> [EXCERPTED RECORDS]:
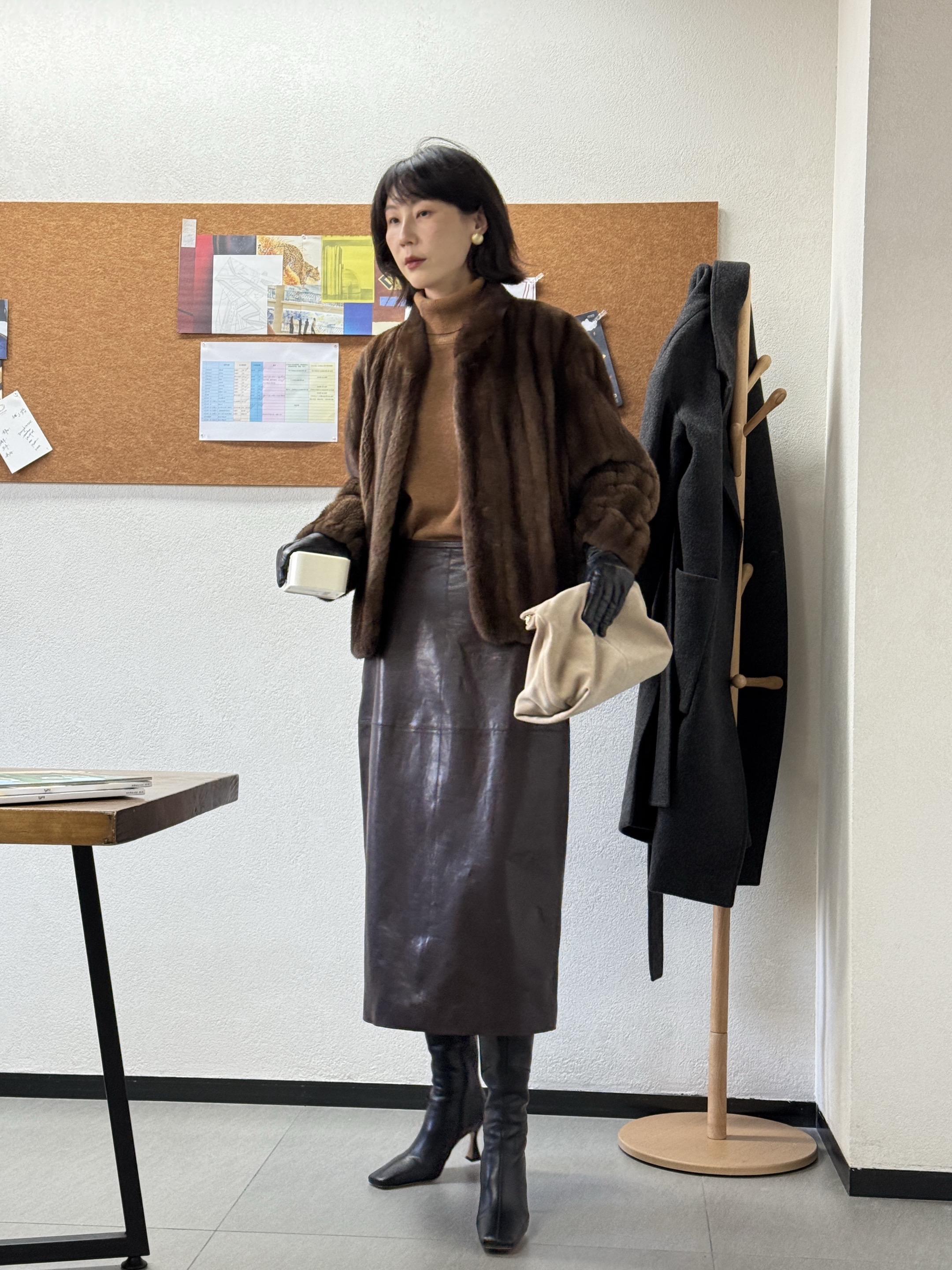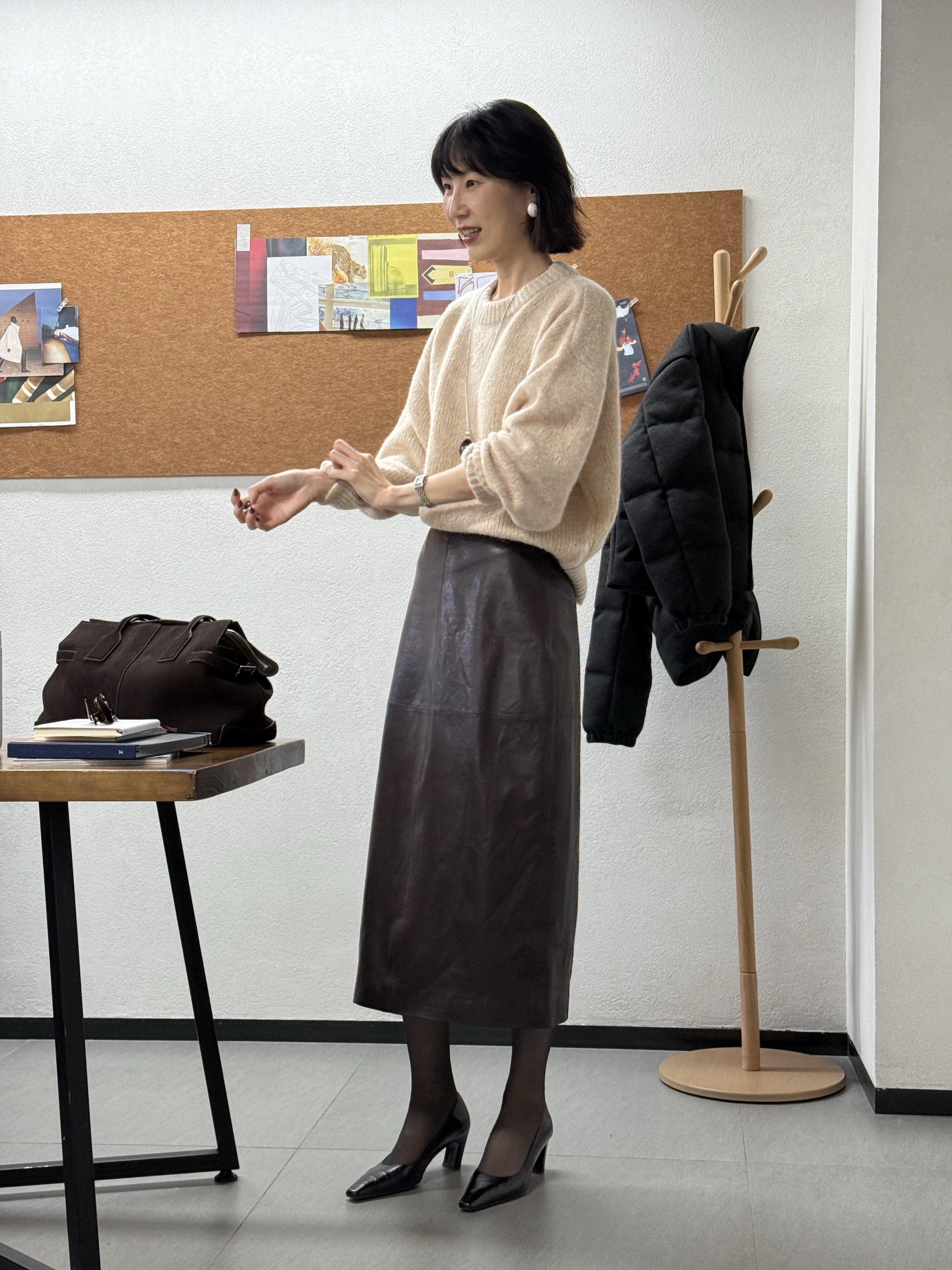 皮裙2个通勤Look配高跟或者长靴都不错。
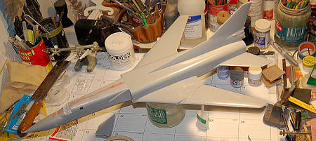 I sprayed the entire craft with a new hybrid airbrush, the Badger 3155, and I must say, I was impressed. You can go from a tiny panel line to a whole wing panel with the flick of your finger ! (Thanks Bear-Air!)
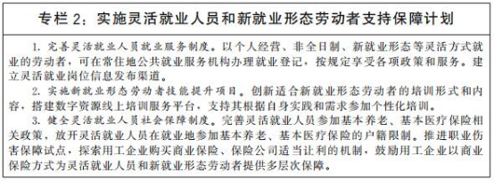 支持多渠道灵活就业和新就业形态发展。破除各种不合理限制,建立促进多渠道灵活就业机制,支持和规范发展新就业形态。鼓励传统行业跨界融合、业态创新,增加灵活就业和新就业形态就业机会。加快落实《关于维护新就业形态劳动者劳动保障权益的指导意见》,建立完善适应灵活就业和新就业形态的劳动权益保障制度,引导支持灵活就业人员和新就业形态劳动者参加社会保险,提高灵活就业人员和新就业形态劳动者社会保障水平。规范平台企业用工,明确平台企业劳动保护责任。健全职业分类动态调整机制,持续开发新职业,发布新职业标准。
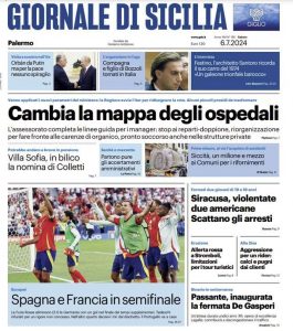 L'edizione odierna de Il Giornale di Sicilia dedica la prima pagina ad Euro 2024 con Spagna a Francia che volano...
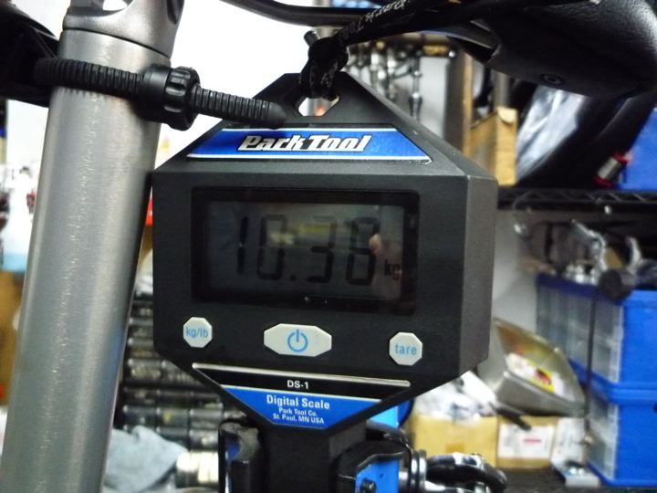 O-dotサスとサイコン装着後、再び体重測定。10.6kg。
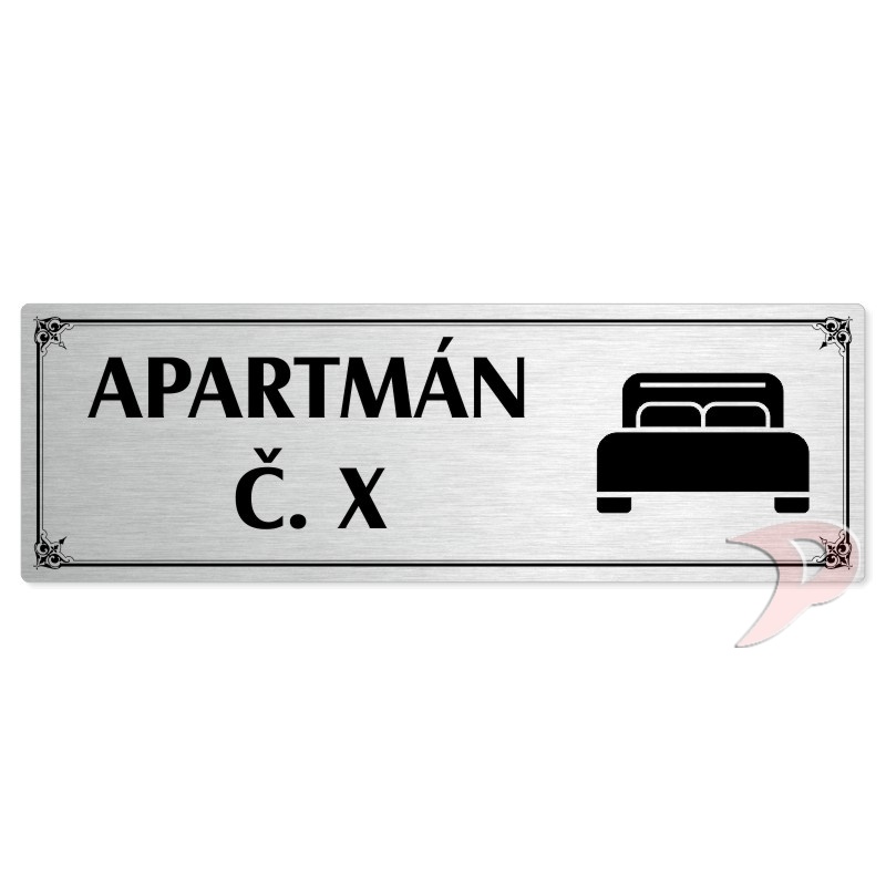 Apartmán č., 240x79mm, stříbrná popiska s okrasným rámečkem
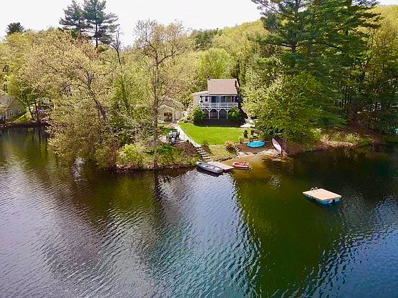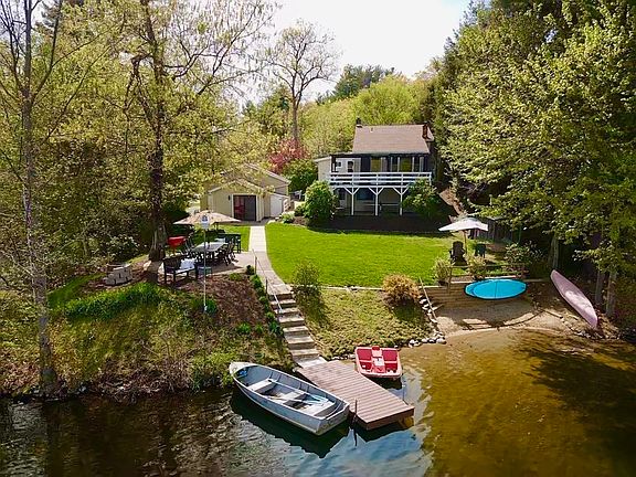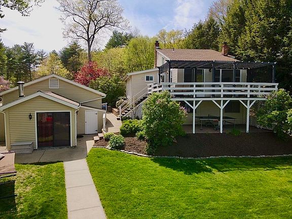 Unbelievably charming lake home with 192 feet of frontage on Lake Arcadia. Enjoy your own dock and private beach! The open floor plan with stunning views of the Lake right from the kitchen, living room or walk through the sliding glass door to the massive deck. Great place for entertaining. The morning sunrises over the mountain across the lake are breathtaking. Huge back yard with concrete patio & fire pit down at the lake for those summer Lake parties. Newly remodeled bathroom offers plenty of space. Great main bedroom with vaulted ceiling is perfect to kick back an just relax. Basement has the two other massive bedrooms which also has been remodeled that have great views of the Lake. Remodeled over the years, Central air & more! Bonus room off garage perfect for a game room or just a quiet getaway. This home is not just your typical home, it is vacations and family parties for generations to come. Fishing, swimming & winter sports too! Only 10 minutes to Amherst Center.

> [EXERCISE BRIEF]: Please print the lines above exactly, beginning at the first line of the entries and ending at the line holding "Apartmán č., 240x79mm, stříbrná", and leave the pictures out.

> [SOLUTION TO THIS TASK]:
 皮裙2个通勤Look配高跟或者长靴都不错。
 I sprayed the entire craft with a new hybrid airbrush, the Badger 3155, and I must say, I was impressed. You can go from a tiny panel line to a whole wing panel with the flick of your finger ! (Thanks Bear-Air!)
 支持多渠道灵活就业和新就业形态发展。破除各种不合理限制,建立促进多渠道灵活就业机制,支持和规范发展新就业形态。鼓励传统行业跨界融合、业态创新,增加灵活就业和新就业形态就业机会。加快落实《关于维护新就业形态劳动者劳动保障权益的指导意见》,建立完善适应灵活就业和新就业形态的劳动权益保障制度,引导支持灵活就业人员和新就业形态劳动者参加社会保险,提高灵活就业人员和新就业形态劳动者社会保障水平。规范平台企业用工,明确平台企业劳动保护责任。健全职业分类动态调整机制,持续开发新职业,发布新职业标准。
 L'edizione odierna de Il Giornale di Sicilia dedica la prima pagina ad Euro 2024 con Spagna a Francia che volano...
 O-dotサスとサイコン装着後、再び体重測定。10.6kg。
 Apartmán č., 240x79mm, stříbrná popiska s okrasným rámečkem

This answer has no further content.